R.I.P. Zahra Khala

Published: June 4, 2013 - 15:26 Updated: June 4, 2013 - 15:28

I remember a black and white photo from my childhood — laughing boys and girls of varying ages, perpetually frozen in mid-stride, playing musical chairs at a birthday party in our long narrow garden in Karachi. Some adults are visible in the background. At the centre of the photo is a tall, striking woman in a stylish trouser suit, sunglasses pushed back over shoulder-length hair curled at the ends. She stands clapping by the circle of chairs, laughing, fully engaged with the children. That is Zahra Khala. When she stops clapping, the children scramble to sit down but there’s always one chair short, so one child has to go ‘out’. And so it goes, until the winner is declared.

As children, most of our parents’ women friends were ‘khala’ (aunt) to us. Zahra Khala was a particular favourite. She never talked down to us, was always interested in what we were doing and what we thought. We were smitten by her easy-going charm, forceful personality, deep, melodious voice and
ready laugh.

We were also fond of her quieter younger sister, Meenu Khala, who was also quite tall for a Pakistani woman, although smaller than Zahra Khala who carried off her imposing height and build with aplomb.
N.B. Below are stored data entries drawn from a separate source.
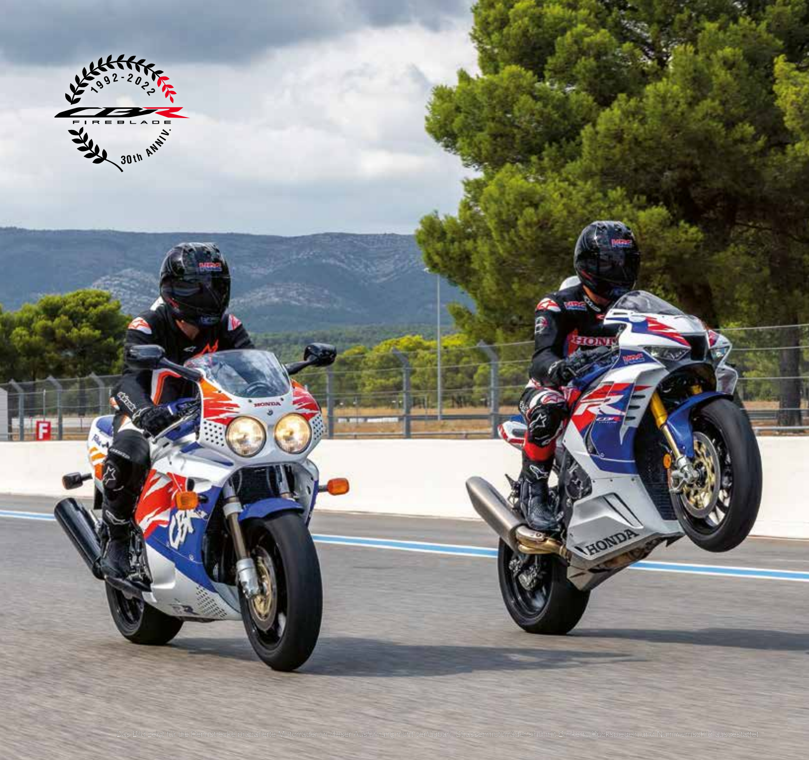
Das Bild zeigt für die Belmstrasse angeordnete Motorräder mit diesen Ausstattungen nicht verfügbar. Seriennummern sind nicht zu sehen. Die Abbildung zeigt die Seriennummer für die Motorräder.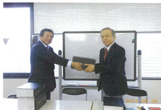
工事契約締結（25年9月）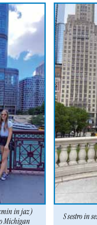
Sestro in sestrično pred džunglo nebotičnikov

madžarsko ali le zelo slabo. Skupni jezik tudi z našimi sorodniki je bila angleščina, toda nam to ni predstavljalo nobenih težav, ker s sestro govoriva angleško, torej sva staršem lahko prevedli vse informacije. Živeli smo pri očetovi sestrični, njen sin se je ženil tisti teden, ko smo bili v ZDA.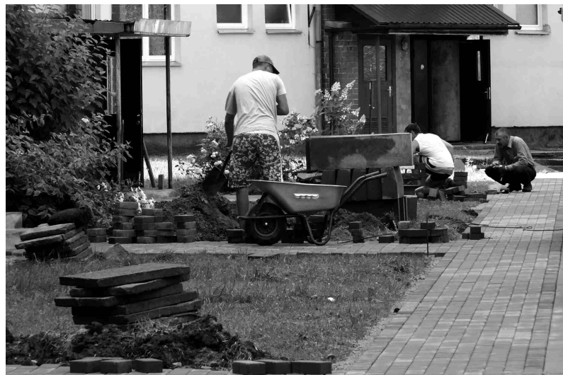
Labiekārtošanas darbi pirms projekta noslēguma, lai Ozolu ielas 15 mājas iedzīvotāji varētu pārvietoties drošāk.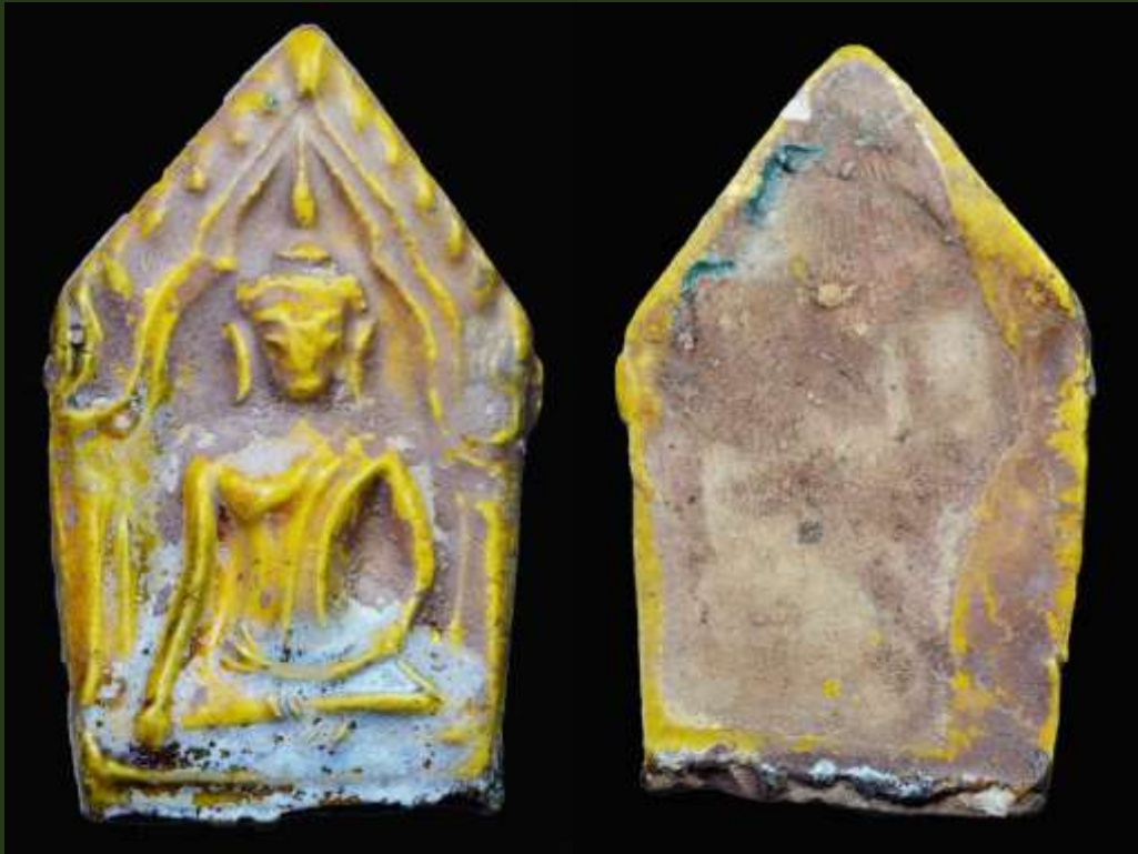
พระขุนแผนเคลือบ กรุวัดใหญ่ชัยมงคล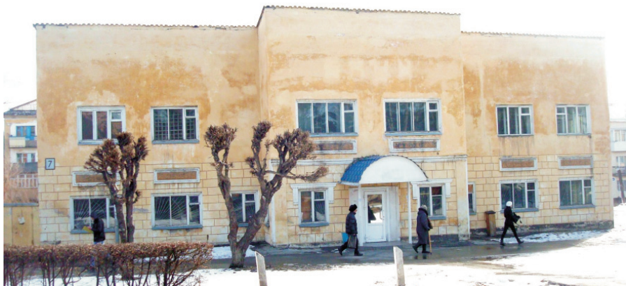
Здание бывшего Госбанка по улице Советской. Ныне не используется.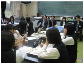
企業や関係団体との打合せ

フードバレーとかち推進協議会、食ラボとかち、(株)フジッコをはじめとする企業・関係団体と連携し、ピニトールを含む機能性食品「P-CUBE（ピーキューブ）」を開発しました。きな粉とクルミのショートブレッドで、1袋6個入りのキューブとしてパッケージしています。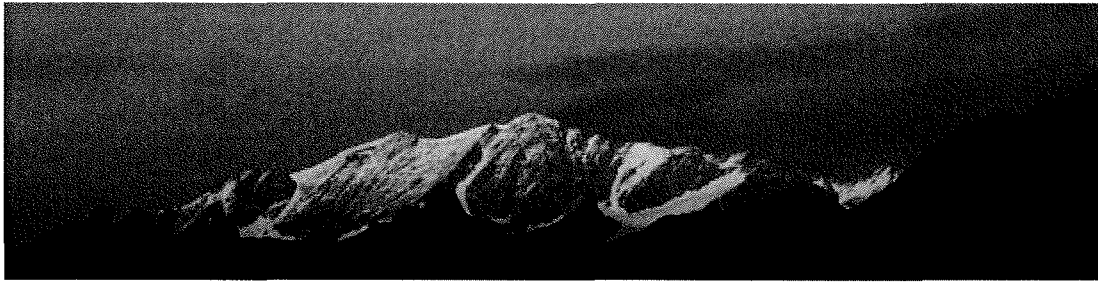
Alpenglüh im Engadin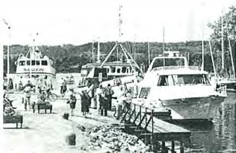
OVAN: Göta kanal vid Rödesund i Karlsborg.

Utgångspunkten för den nya översiktsplanen för Karlsborgs kommun är kommunens Vision 2020 . Den pekar ut fyra prioriterade insatsområden; Leva och bo, Kommunikationer, Upplevelser och Karlsborgs centrum. Översiktsplanen är utformad för att 1. redovisa hur hänsyn tas till riksintressen, förordningar och övriga planeringsförutsättningar 2. redogöra för hur den övergripande planeringen samordnas samt 3. redovisa delprojekt och nyckelprojekt som kan påbörja och driva utvecklingen av kommunen för att nå visionens mål. I denna sammanfattning redovisas övergripande principer (återfinns även mer i detalj på sidan 40-41) som utgör den samlade strategin för översiktsplanen samt de delprojekt som är identifierade (redovisas även på sidorna 104-125).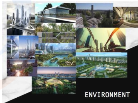
Gambar 5 lingkungan user

Lampu rotan carum akan ditempatkan di tengah kepadatan penduduk di kota dengan aktivitas bisnis terbuka seperti rumah-rumah mewah ataupun appartement .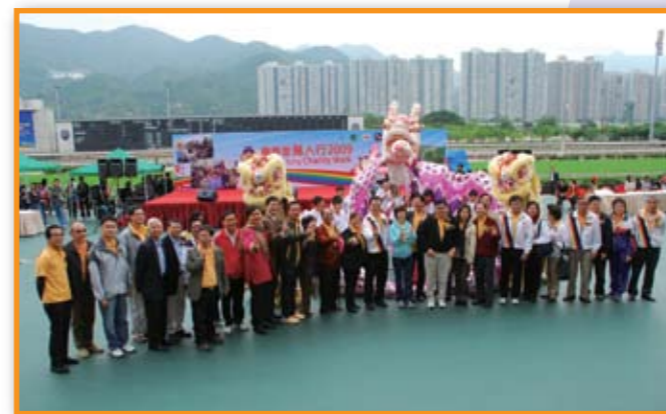
■ 一眾總理於醒獅前合照留念。

為籌募本堂醫療、教育及社會服務經費，及促進各轄屬單位之團結精神，本堂舉辦「樂善堂萬人行2009」。各參加者由沙田馬場出發，沿城門河步行至沙田公園，在做善事之餘更可享受郊遊之樂。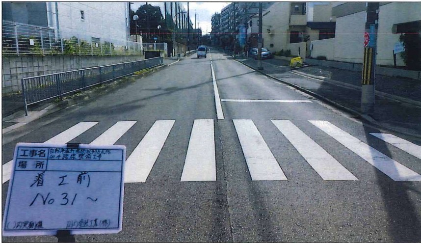
写真区分: 着工前及び完成写真(道路2) 写真タイトル: 着工前 撮影箇所: No31~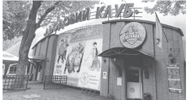
Каток у парку зараз єдине місце, де можна покататися на ковзанах. Льодова арена в «Мегамоллі» ще в березні закрила свій сезон

Льодовий клуб у Центральному парку — єдине місце у Вінниці, де роками тренувалися хокеїсти та займалися фігурним катанням.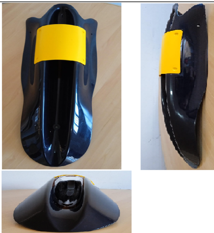
FOTO FRONTAL, SUPERIOR E LATERAL DO PAINEL SUPERIOR DIANTEIRO (GRAVATA) COM SUPORTES E FIXAÇÕES.

Essa ficha reproduz descrições, ilustrações e dimensões do painel superior dianteiro (gravata) no momento da homologação pelo CNK/CBA. O fabricante poderá modificá-las, mas somente dentro dos limites fixados pelos regulamentos FIA Karting e da CNK/CBA em vigor. Somente a Ficha de Homologação poderá servir para identificar um produto homologado.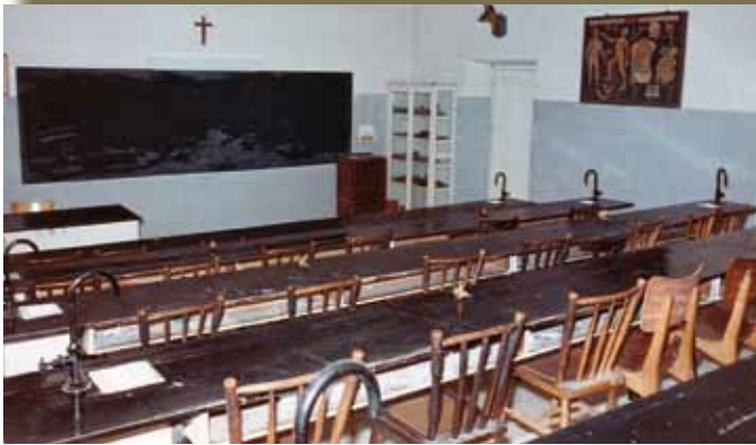
Aula escalonada de Ciencias Naturales, años 70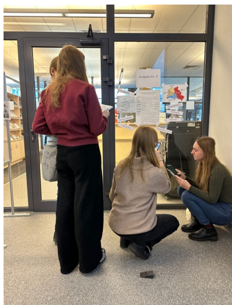
Aufgabe 6: Die Berliner Mauer hat Ost- und West-Berlin getrennt. Was ist vom Mauerbau bis zum Mauerfall passiert?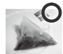
すぐに捨てず、数時間置いておくだけで効果あり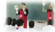
事前学習のようす

11月8日（水）に3年生が保育体験学習を行いました。校区内にある吉川保育所とひかり幼稚園を訪れ、就学前の子どもと触れ合う学習を行いました。とよの絵本の会「とまと」の方に、読み聞かせについて教えていただき、訪問当日は、どの生徒もしっかりと読み聞かせをしていました。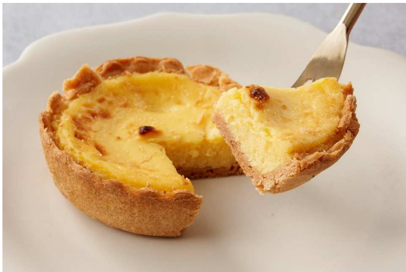
おいも生フロマーージュタルト【1個】 486円（税込）※要冷蔵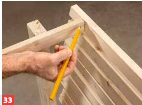
33 Sind alle Latten montiert, markieren Sie die Längen mithilfe einer Latte, die Sie über die seitlichen Lehnenpaare führen.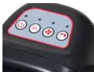
Painel de controlo fácil de usar com quatro funções principais.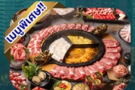
ซูฟไฟ้ชาบู

พักโรงแรม 4 ดาว ★★★★★ ฟรี ประกันอุบัติเหตุ บริการ อาหารท้องถิ่น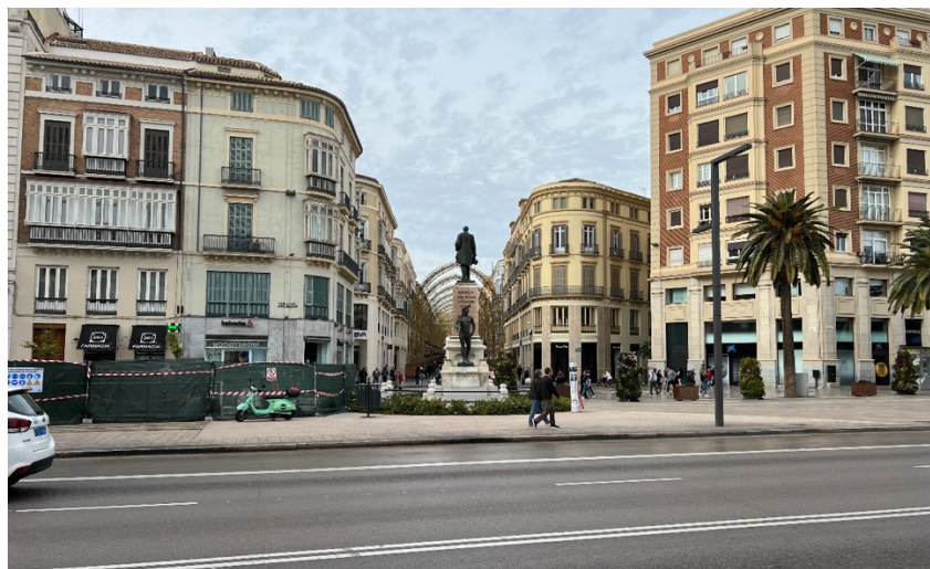
Fig. 6: Monumento al marqués de Larios. Emplazamiento actual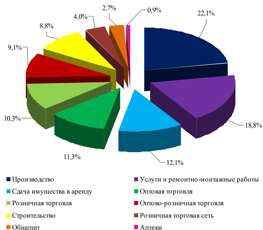
Рисунок 1 Структурное соотношение количества судебных дел на тему «фиктивного дробления бизнеса», которые были рассмотрены арбитражными судами РФ за период 2017–2019 гг.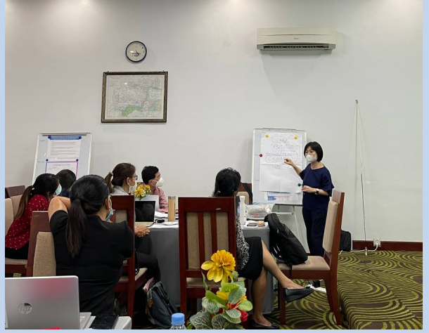
Activities during the group discussions

My father, a medical doctor, knew their parents from his native Allahabad. Both families came over to Pakistan some time after Partition. Zahra and Meenu called my father ‘Sarwar Bhai’. We didn’t see much of Meenu Khala after she moved abroad, but Zahra Khala remained a frequent visitor to our house for many years.

She shared a particularly close bond with my father and although the families eventually drifted into different social circles, meeting less frequently, the closeness remained. She and my mother would meet at art exhibitions, poetry readings, and music and dance recitals. During my father’s last illness four years ago, Zahra Khala came often to visit him, to share a laugh and a cigarette.

My mother remembers returning from the beach one evening with a group of friends, discussing appearances, and talking about how people only see superficial appearances. Zahra argued that people never even look down to notice other people’s feet, so anyone who dressed well and walked with confidence could be barefoot and even the most posh hotel wouldn’t deny them entry.

“We were approaching the Intercontinental Hotel, then the poshest hotel in Karachi (in the 1960s). One friend dared Zahra to prove her point by going in barefoot, and she unhesitatingly agreed, saying that if no one noticed, he’d have to buy everyone coffee. We parked, and went in,” says my mother, smiling at the memory. “Zahra went barefoot, leaving her shoes in the car. No one noticed. See, she said, if a poor-looking barefoot person had come up, he wouldn’t have been allowed in.”

That was Zahra Khala, full of fun and confidence, but also mindful of social inequalities and injustices. 

I was probably seven or eight years old when she married Shahid Hussain, a dashing Pakistan Air Force officer. She was older than the traditional Pakistani bride, and I vaguely remember the air of disapproval around their wedding — although my parents supported them. Shahid Uncle, tall and handsome, with strong, arched eyebrows, was much older than Zahra Khala, and had been married before. It wasn’t the ‘done thing’ to marry a divorced man. Zahra Khala was least bothered by such social norms. 

The last decade has seen an escalation of violence against enlightened and educated Pakistanis, in what seems to be a tacitly agreed upon culture of impunity for such assailants. How many more liberal, enlightened, progressive, democratic-minded people must Pakistan lose before we reach the breaking point?

After Shahid Uncle died of a heart attack several years later, Zahra Khala singlehandedly and determinedly brought up their two young daughters, also responsibly looking after her own mother.

She had been active in Imran Khan’s Pakistan Tehreek-e-Insaaf, and was a chief polling agent in the re-elections to be held in that constituency, NA 250, the following day.

Her murder is the latest in a string of such attacks on liberal, educated, democratic-minded Pakistanis. A tacitly agreed upon culture of impunity allows criminals to act at will. This culture of impunity must end. Zahra Shahid’s killers, and those of so many others before her, must be brought to justice.